The Free Datastack (fds)

My various tinkering with open source data tools. I'm aiming at a open source pluggable lab stack, it's still a bit rough a round the edges. Check out the readme in freeds CLI to get it up and working(sorry, I'll align the docs out at some point in time.): https://github.com/jens-koster/FreeDS#

  • Supported on mac, possibly Linux, will likely not work on Windows.

I am maintaining a list in notion of free stack tools, might be of interest: https://ambitious-bowl-f63.notion.site/Free-Datastack-Catalogue-1bc65454dd3f80f4a8e7cfda2edcb4a9?pvs=4

tl:dr

To set it up, go here: https://github.com/jens-koster/FreeDS

Rationale

A data stack is a collection of services, like spark, postgresql, airflow, redis, S3 storage, dbt and so on.

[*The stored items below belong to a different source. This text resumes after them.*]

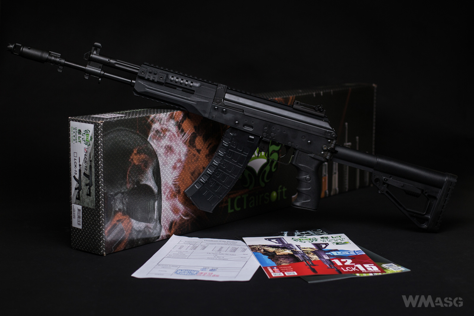 Zestaw jest bardzo skromny. Poza repliką i magazynkiem otrzymujemy jedynie indywidualną metryczkę konkretnego egzemplarza z fabrycznym pomiarem prędkości wylotowej, dwujęzyczną "obrazkową" instrukcją obsługi oraz składany katalog wyrobów LCT. Warto podkreślić, że na krótszym boku pudła przedstawiono dwie repliki oznaczone jako LCK-12 i LCK-15 z "checkboxem" przy każdej. W sprzedaży będą obie wersje: AK-12 i AK-15. W oryginale różnią się amunicją, do której są przystosowane (AK-12 to 5,45x39, AK-15 7,62x39 mm). Na poniższym zdjęciu są karabinki bojowe, AK-12 u góry.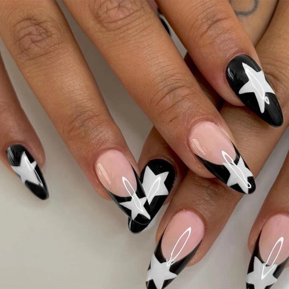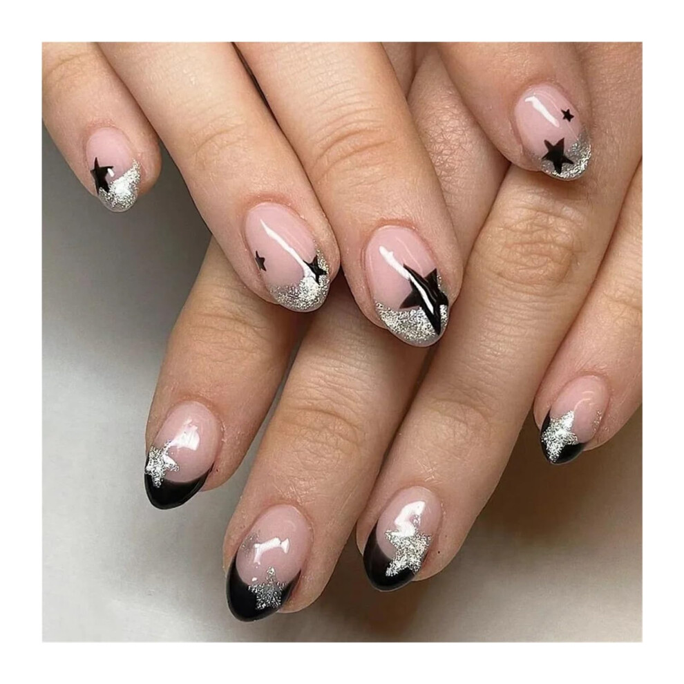 24pcs Short Oval Press On Nails French Black Glitter Star Fake Nails Reusable Acrylic Set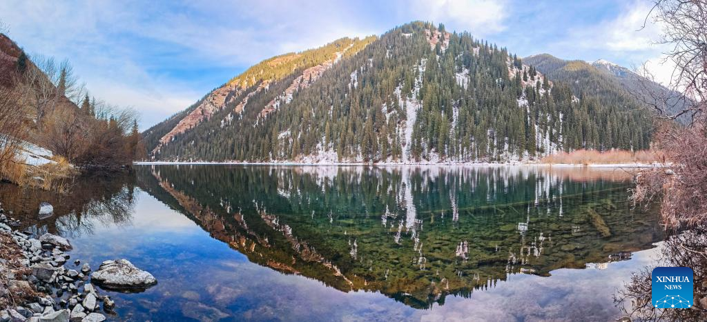 This stitched mobile phone panoramic photo taken on Jan. 31, 2026 shows a view of the Kolsai Lakes National Park in Almaty Region, Kazakhstan. (Xinhua/Li Renzi)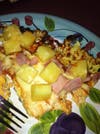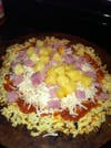 3. Add your toppings! I chose a Hawaiian-style pizza topping because it is one of my favorite combinations but you can be creative. When you are done adding the toppings, place your oven on broil. Place your pizza back into the oven and broil for 4 to 5 minutes or until your toppings are melted and the cheese browns.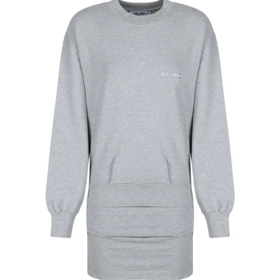 The Attico Heather Grey Mini Dress. Heather grey cotton mini dress, ribbed cuffs, crew neck, drop shoulder, pleat detailing.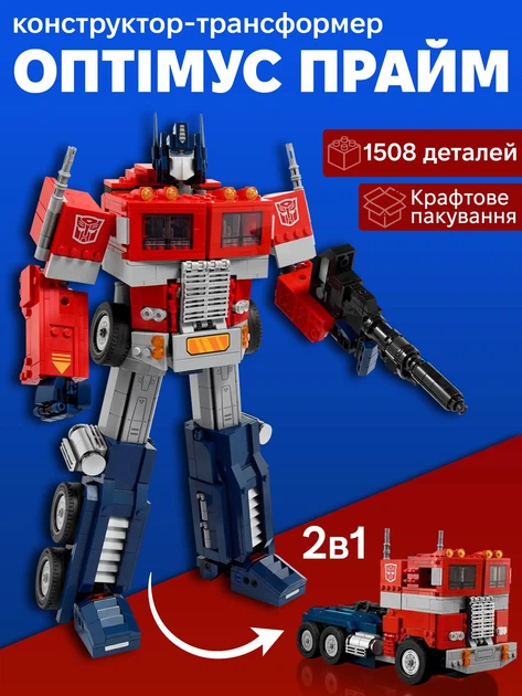 Конструктор трансформер Оптімус Прайм, 1508 деталей, 2в1, вантажівка, Optimus Prime, 10302, крафтове пакування
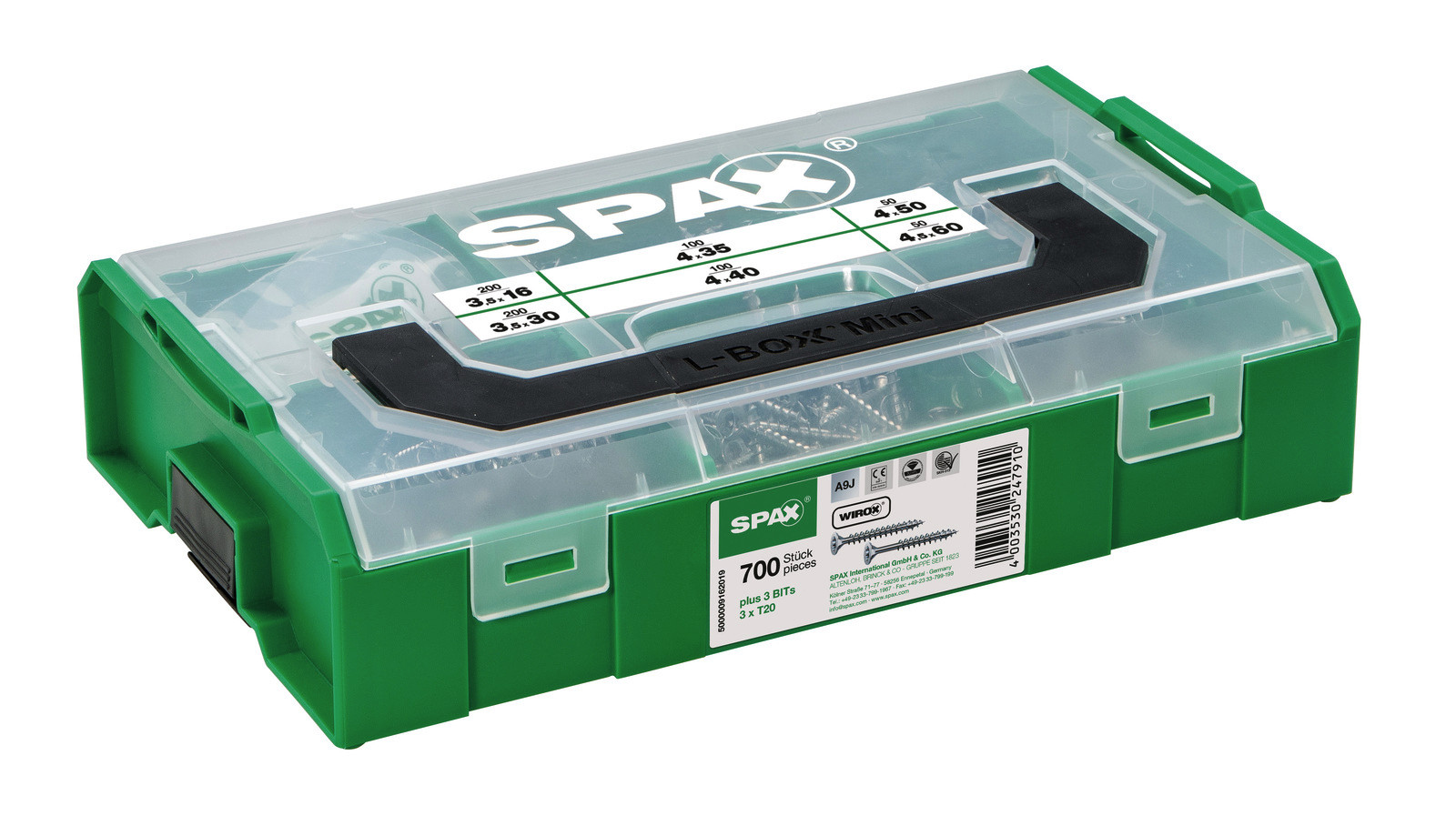 SPAX Montagekoffer L-BOXX Mini, 1 Stück, Schraubenset mit 6 Abmessungen, Senkkopf, T-STAR plus, 4CUT, WIROX - 5000009162019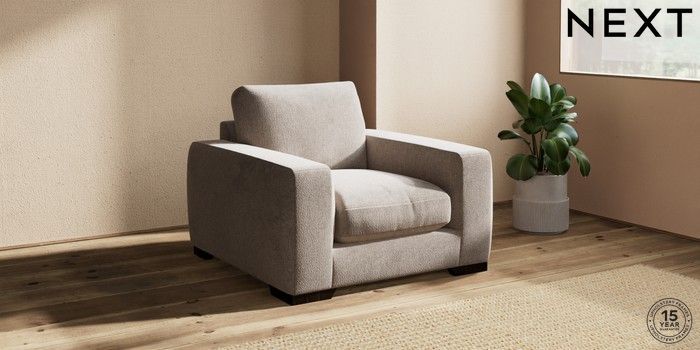 7.2.10 Houghton Deep Relaxed Sit Armchair Chunky Chenille Light Dove Large Square Angle - Dark | Made Click here to use our website with more accessibility support, for example screen readers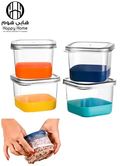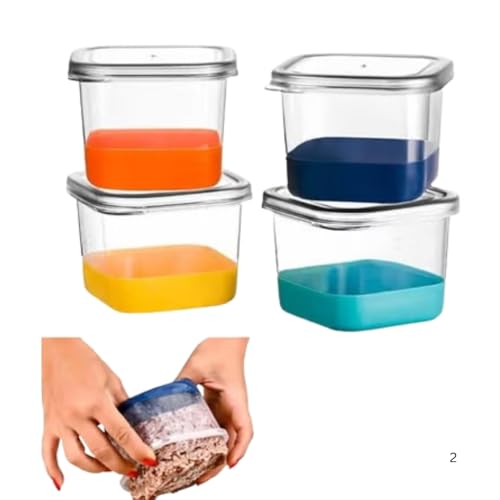 Generic - 4-Piece 60ML Push-Pop Silicone-Based Food Storage Container Set – Refrigerator & Deep Freezer Organizer – Versatile Kitchen Storage for Meals, Fruits, Vegetables, Meat, Beans, Snacks & Dry Foods – Pra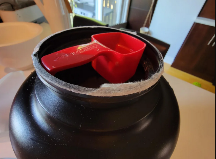“Minha colher de proteína em pó foi projetada para ficar em uma parte abaixo da tampa”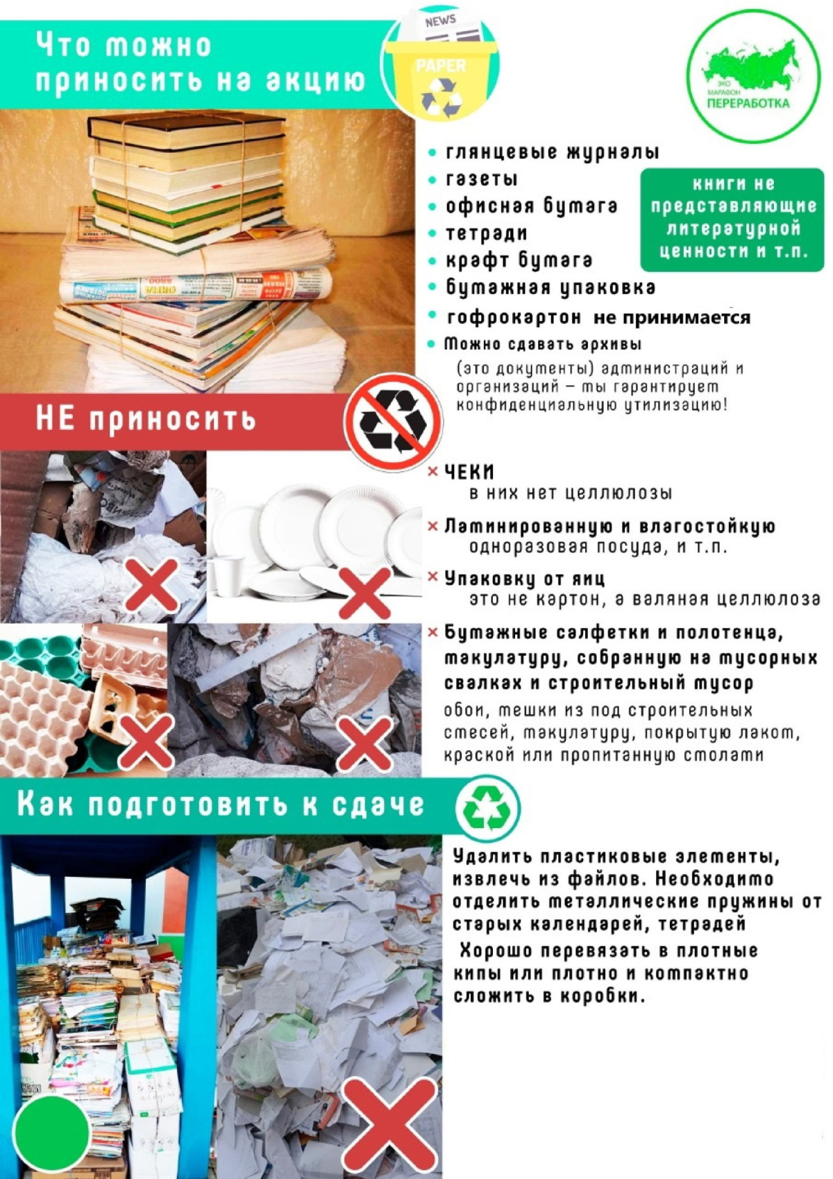 Вторичной переработке подлежат: глянцевые журналы, газеты, офисная бумага, тетради, крафт бумага, бумажная упаковка, книги, не представляющие литературной ценности и т.п.

My problem has alwyas been to spend one evening getting a certain tool up and running, the I never return to actually try it out, I just fight setup issues all night. Or I get it setup and spend the rest of the night getting a decent data set into the service to..just do something.

So, now I'm going to configure each service once and for all.

There will be data to start playing eith, on S3 and kafka topics etc. My expectatio is to add one or two dockers in a already bubbling data stack and start playing with them in an hour or two.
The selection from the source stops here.